### Entries provided:

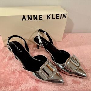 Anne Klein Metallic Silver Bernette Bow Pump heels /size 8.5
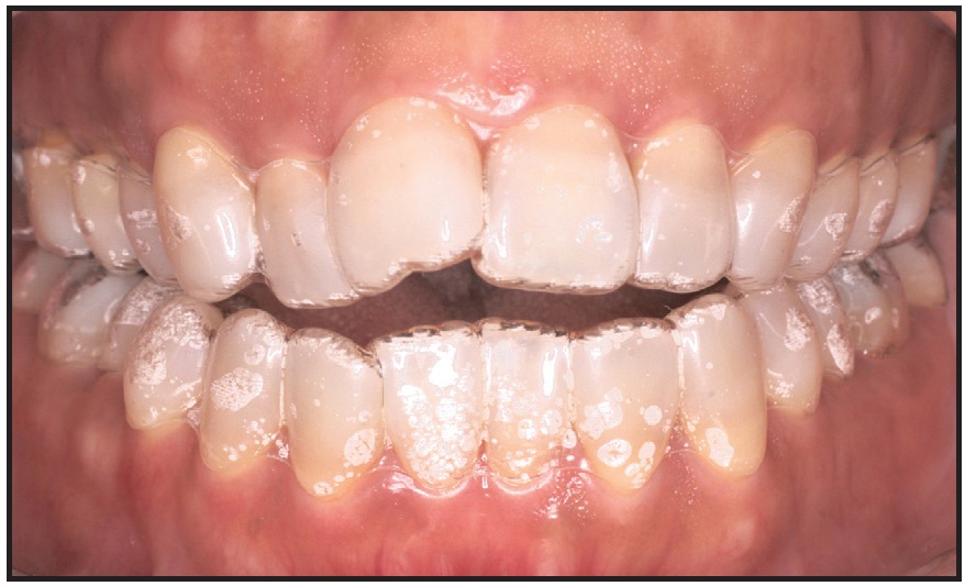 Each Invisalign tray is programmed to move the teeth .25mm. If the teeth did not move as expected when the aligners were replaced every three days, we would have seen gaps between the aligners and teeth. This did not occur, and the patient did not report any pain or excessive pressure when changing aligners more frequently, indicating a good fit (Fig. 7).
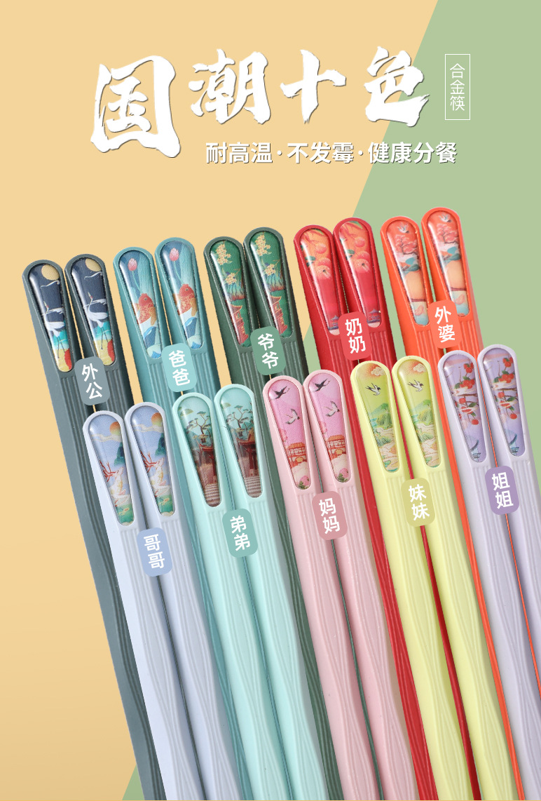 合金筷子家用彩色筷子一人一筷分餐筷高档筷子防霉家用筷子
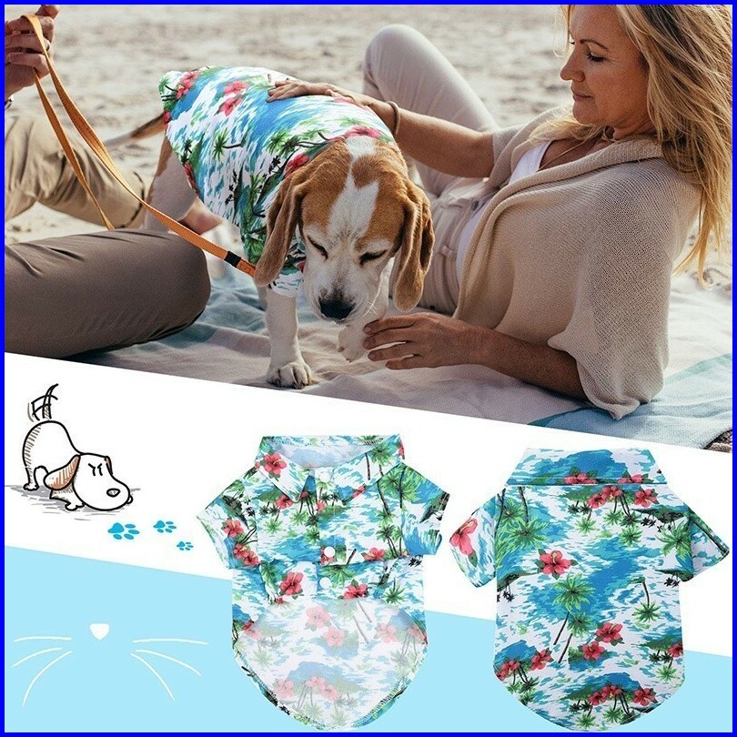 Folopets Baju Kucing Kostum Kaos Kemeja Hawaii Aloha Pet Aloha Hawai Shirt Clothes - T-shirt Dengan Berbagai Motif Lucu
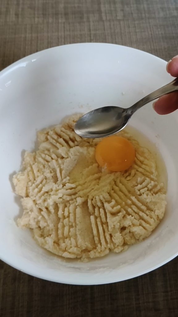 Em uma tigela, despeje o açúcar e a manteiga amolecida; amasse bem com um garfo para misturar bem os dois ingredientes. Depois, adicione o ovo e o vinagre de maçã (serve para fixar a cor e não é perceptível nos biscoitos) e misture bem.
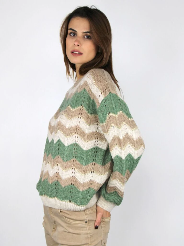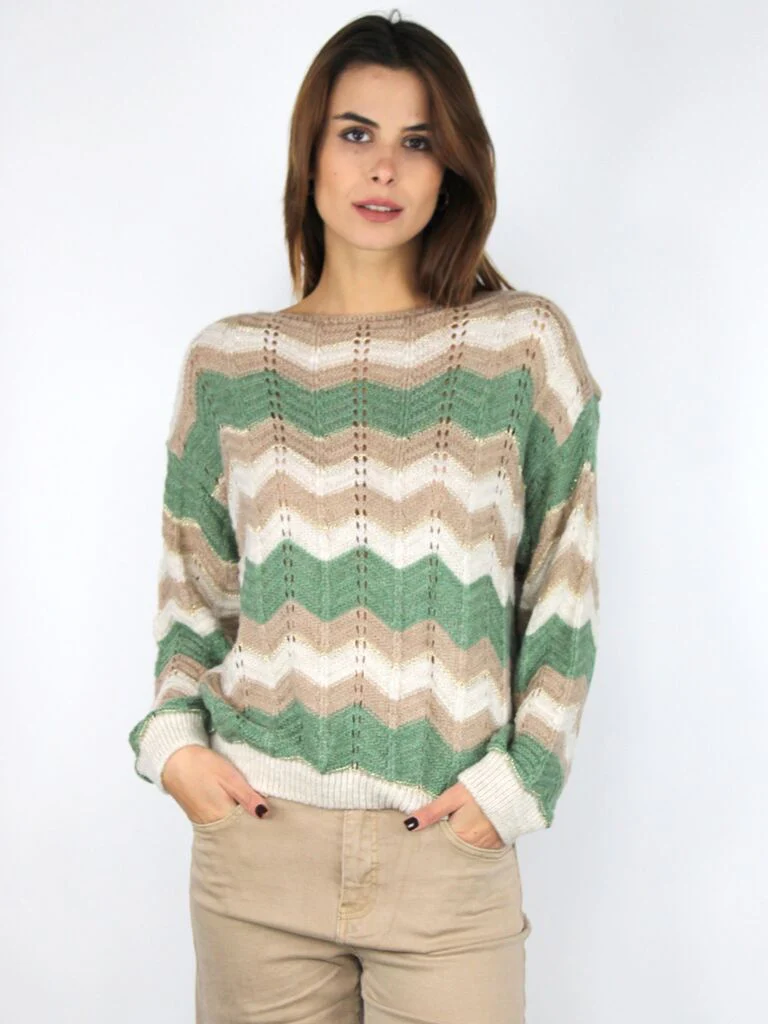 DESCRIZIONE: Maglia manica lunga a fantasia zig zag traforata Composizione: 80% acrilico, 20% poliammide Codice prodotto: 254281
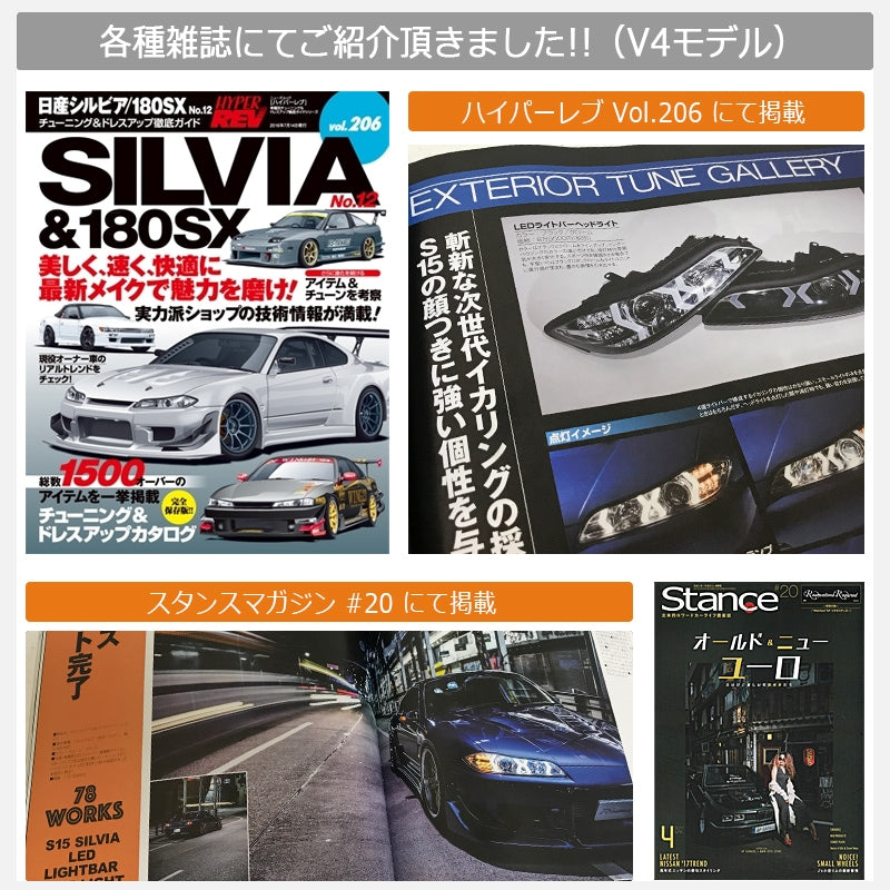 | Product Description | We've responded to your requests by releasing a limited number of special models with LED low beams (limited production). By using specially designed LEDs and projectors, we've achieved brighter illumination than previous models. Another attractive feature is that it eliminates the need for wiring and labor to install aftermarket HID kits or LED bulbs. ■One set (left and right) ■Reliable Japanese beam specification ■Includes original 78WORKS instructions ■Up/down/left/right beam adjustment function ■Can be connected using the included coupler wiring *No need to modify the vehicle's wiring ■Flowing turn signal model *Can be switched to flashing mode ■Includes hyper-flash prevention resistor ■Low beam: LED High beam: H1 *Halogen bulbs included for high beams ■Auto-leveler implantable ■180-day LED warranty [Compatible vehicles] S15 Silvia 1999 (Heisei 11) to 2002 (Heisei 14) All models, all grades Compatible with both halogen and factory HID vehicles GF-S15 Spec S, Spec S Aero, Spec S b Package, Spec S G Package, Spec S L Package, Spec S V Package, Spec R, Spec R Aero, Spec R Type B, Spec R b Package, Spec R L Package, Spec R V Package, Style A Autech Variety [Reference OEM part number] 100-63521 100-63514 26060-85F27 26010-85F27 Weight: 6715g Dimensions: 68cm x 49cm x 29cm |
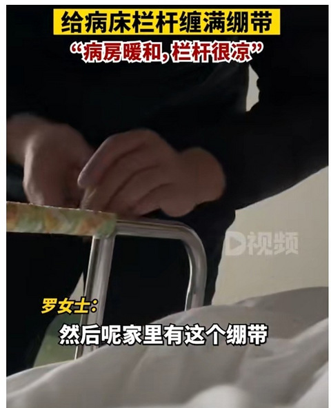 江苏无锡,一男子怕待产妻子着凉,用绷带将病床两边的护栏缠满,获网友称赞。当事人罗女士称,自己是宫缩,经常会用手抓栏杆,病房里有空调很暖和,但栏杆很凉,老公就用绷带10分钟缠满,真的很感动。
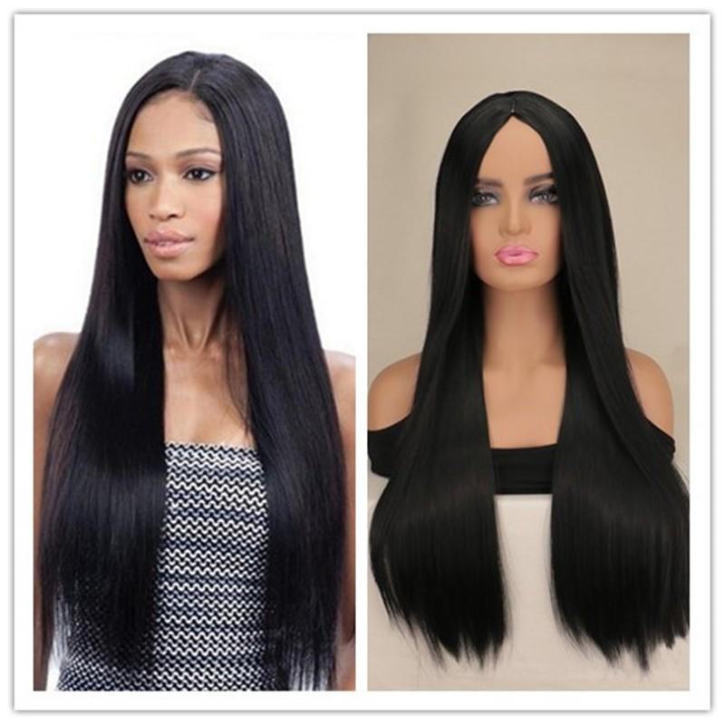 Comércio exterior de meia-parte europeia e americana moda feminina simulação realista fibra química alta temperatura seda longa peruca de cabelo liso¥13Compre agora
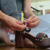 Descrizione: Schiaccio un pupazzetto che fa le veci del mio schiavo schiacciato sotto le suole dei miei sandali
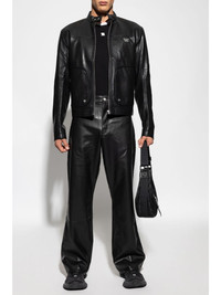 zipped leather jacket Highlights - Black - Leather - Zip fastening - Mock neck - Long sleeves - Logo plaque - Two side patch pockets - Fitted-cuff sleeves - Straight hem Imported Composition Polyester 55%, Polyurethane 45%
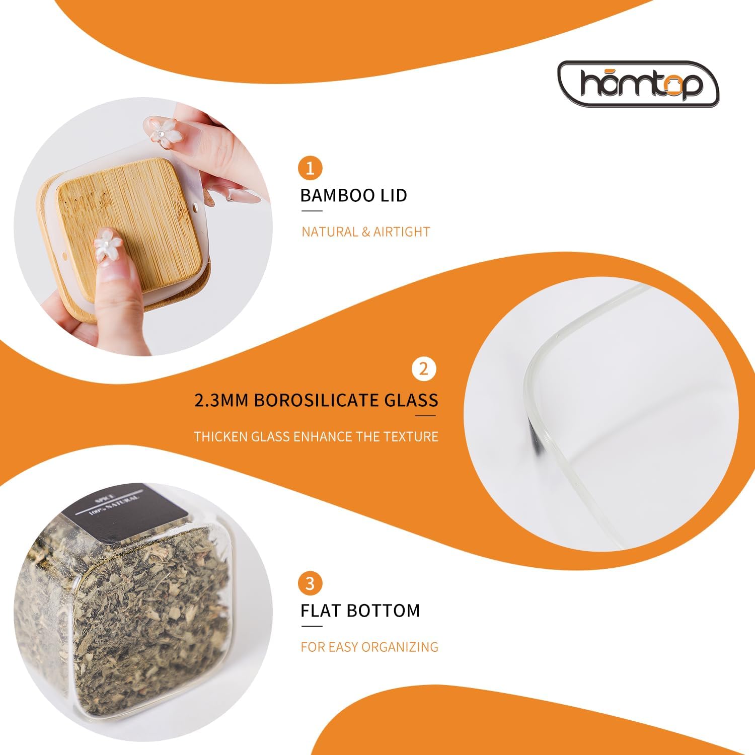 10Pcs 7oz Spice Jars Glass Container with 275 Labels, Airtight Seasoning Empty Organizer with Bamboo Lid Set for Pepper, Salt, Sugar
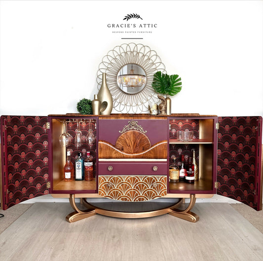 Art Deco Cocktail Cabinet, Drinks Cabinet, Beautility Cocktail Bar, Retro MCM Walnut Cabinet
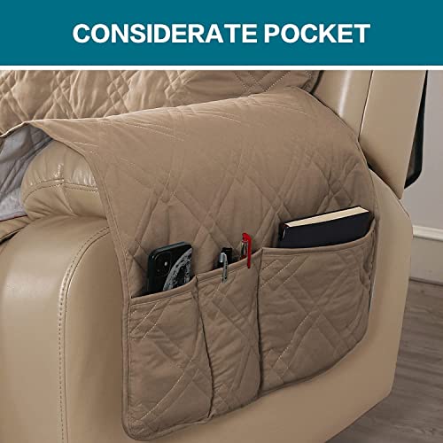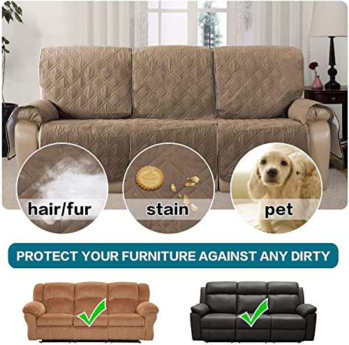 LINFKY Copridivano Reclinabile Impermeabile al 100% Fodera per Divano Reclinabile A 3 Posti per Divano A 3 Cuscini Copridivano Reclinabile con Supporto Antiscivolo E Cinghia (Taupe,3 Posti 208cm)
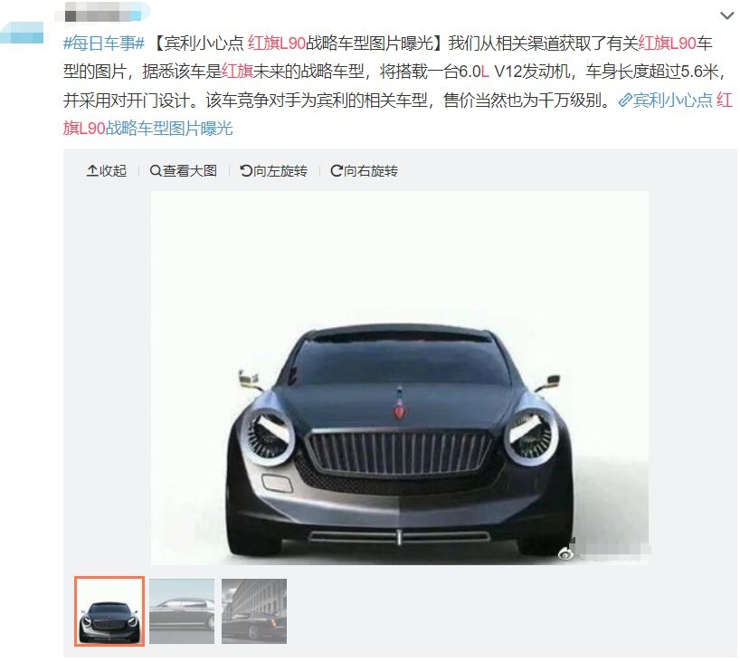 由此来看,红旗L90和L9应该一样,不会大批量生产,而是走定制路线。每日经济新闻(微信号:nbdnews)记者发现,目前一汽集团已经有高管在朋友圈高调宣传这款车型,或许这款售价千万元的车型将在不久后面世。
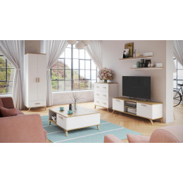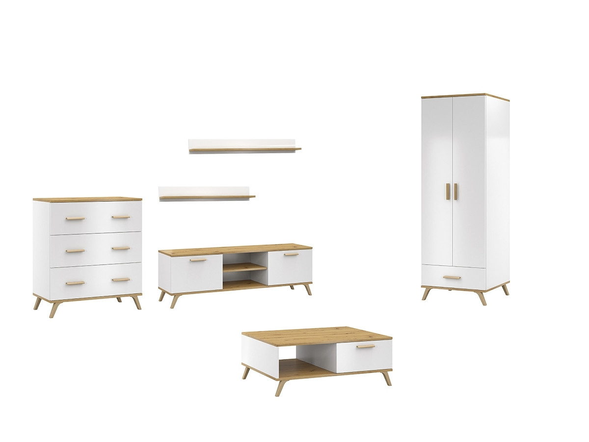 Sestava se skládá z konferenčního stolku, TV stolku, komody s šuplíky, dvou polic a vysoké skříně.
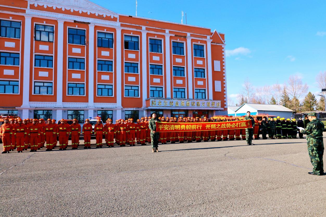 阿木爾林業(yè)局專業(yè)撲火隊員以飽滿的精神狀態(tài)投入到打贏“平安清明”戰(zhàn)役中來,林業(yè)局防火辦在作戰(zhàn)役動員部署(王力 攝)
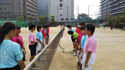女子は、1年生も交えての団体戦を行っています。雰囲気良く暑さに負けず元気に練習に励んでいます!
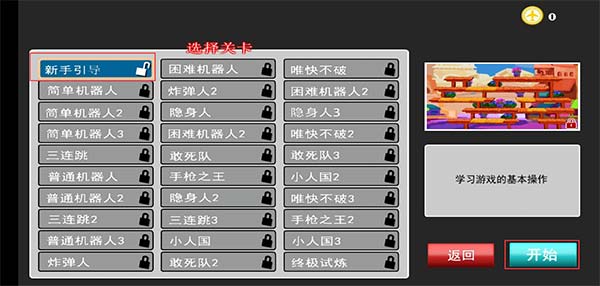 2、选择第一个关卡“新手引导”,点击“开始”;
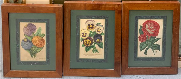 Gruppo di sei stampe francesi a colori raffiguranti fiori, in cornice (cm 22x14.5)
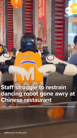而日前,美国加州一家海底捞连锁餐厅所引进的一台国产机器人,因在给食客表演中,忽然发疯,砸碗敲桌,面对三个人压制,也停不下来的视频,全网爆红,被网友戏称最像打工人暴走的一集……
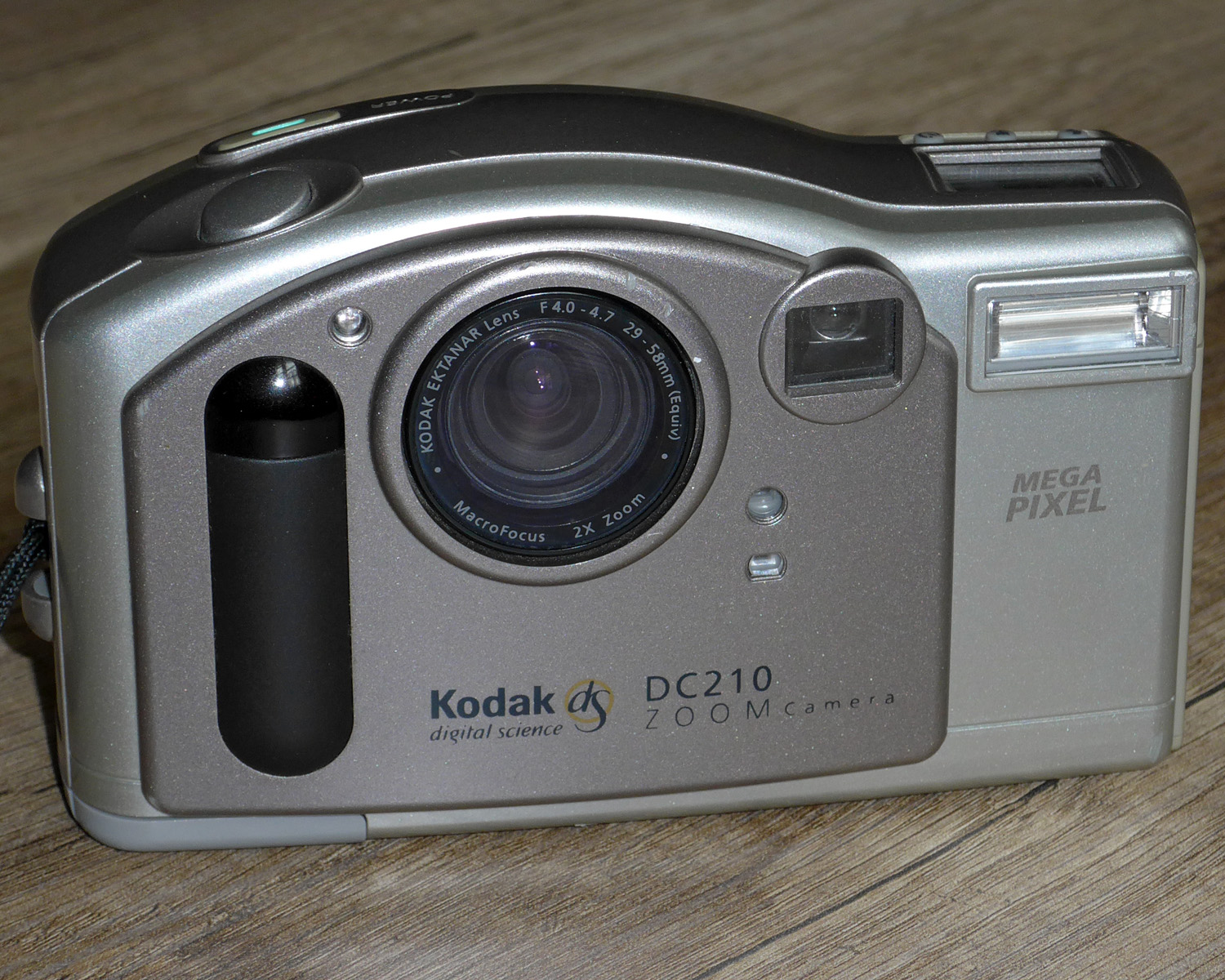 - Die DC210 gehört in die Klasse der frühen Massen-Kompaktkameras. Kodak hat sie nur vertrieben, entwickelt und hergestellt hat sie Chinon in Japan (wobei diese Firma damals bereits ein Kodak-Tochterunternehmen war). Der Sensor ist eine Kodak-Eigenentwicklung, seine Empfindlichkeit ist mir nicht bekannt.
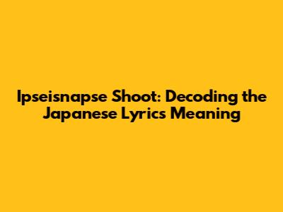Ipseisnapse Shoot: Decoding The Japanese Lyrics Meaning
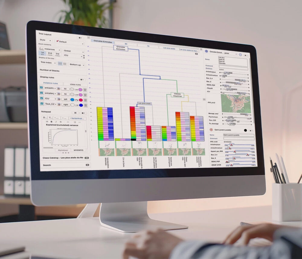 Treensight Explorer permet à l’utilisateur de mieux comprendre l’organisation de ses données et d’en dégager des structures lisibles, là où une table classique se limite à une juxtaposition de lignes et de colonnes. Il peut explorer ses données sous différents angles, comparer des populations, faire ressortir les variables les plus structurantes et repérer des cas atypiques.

### Exercise:
The answer must be the lines above, word for word, from the first one through the line with "DESCRIZIONE: Maglia manica", pictures excluded.

### Task answer:
 Anne Klein Metallic Silver Bernette Bow Pump heels /size 8.5
 Each Invisalign tray is programmed to move the teeth .25mm. If the teeth did not move as expected when the aligners were replaced every three days, we would have seen gaps between the aligners and teeth. This did not occur, and the patient did not report any pain or excessive pressure when changing aligners more frequently, indicating a good fit (Fig. 7).
 合金筷子家用彩色筷子一人一筷分餐筷高档筷子防霉家用筷子
 Folopets Baju Kucing Kostum Kaos Kemeja Hawaii Aloha Pet Aloha Hawai Shirt Clothes - T-shirt Dengan Berbagai Motif Lucu
 Em uma tigela, despeje o açúcar e a manteiga amolecida; amasse bem com um garfo para misturar bem os dois ingredientes. Depois, adicione o ovo e o vinagre de maçã (serve para fixar a cor e não é perceptível nos biscoitos) e misture bem.
 DESCRIZIONE: Maglia manica lunga a fantasia zig zag traforata Composizione: 80% acrilico, 20% poliammide Codice prodotto: 254281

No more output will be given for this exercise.